Tutorial: PYNQ DMA (Part 2: Using the DMA from PYNQ)

PYNQ DMA tutorial (Part 2: Using the DMA from PYNQ)

This tutorial shows how to use the PYNQ DMA class to control an AXI DMA in a hardware design.
This is the second part of a DMA tutorial. PYNQ DMA tutorial (Part 1: Hardware design) shows how to build the Vivado hardware design used in this notebook.

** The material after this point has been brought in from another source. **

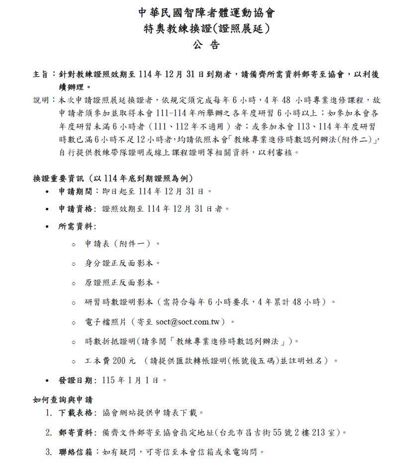 備註:申請表可直接參閱附件公告說明中的附件一,或是至協會網站常用文件下載處進行下載。

All the source files for the tutorial are hosted on a GitHub repository and this post is a Markdown version of a Jupyter notebook. The original notebook can be found in the GitHub repository here and can be copied to your PYNQ board and run.

Introduction

This overlay consists of an AXI DMA and an AXI Stream FIFO (input and output AXI stream interfaces). The FIFO connects the input and output streams of the DMA in a loopback configuration and will be used to explore the DMA and test the PYNQ DMA class.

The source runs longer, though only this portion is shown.